In the context of average-reward reinforcement learning, the requirement for
oracle knowledge of the mixing time, a measure of the duration a Markov chain
under a fixed policy needs to achieve its stationary distribution-poses a
significant challenge for the global convergence of policy gradient methods.

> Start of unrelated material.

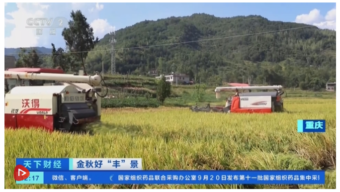 西南多地水稻收割已近尾声。重庆水稻收获超九成。今年,当地通过良种、良技、良机、良法多管齐下,预计全年粮食面积、单产、总产有望实现“三增”。

This requirement is particularly problematic due to the difficulty and expense
of estimating mixing time in environments with large state spaces, leading to
the necessity of impractically long trajectories for effective gradient
estimation in practical applications. To address this limitation, we consider
the Multi-level Actor-Critic (MAC) framework, which incorporates a Multi-level
Monte Carlo (MLMC) gradient estimator. With our approach, we effectively
alleviate the dependency on mixing time knowledge, a first for average-reward
MDPs global convergence. Furthermore, our approach exhibits the
tightest-available dependence of $\mathcal{O}\left( \sqrt{\tau_{mix}} \right)$
relative to prior work. With a 2D gridworld goal-reaching navigation
experiment, we demonstrate that MAC achieves higher reward than a previous
PG-based method for average reward, Parameterized Policy Gradient with
Advantage Estimation (PPGAE), especially in cases with relatively small
training sample budget restricting trajectory length.

通过引入多层渐进策略梯度估计方法，解决了在平均奖励增强学习中混合时间知识的依赖性问题，并取得了比之前的基于策略梯度方法（PPGAE）更高的奖励表现。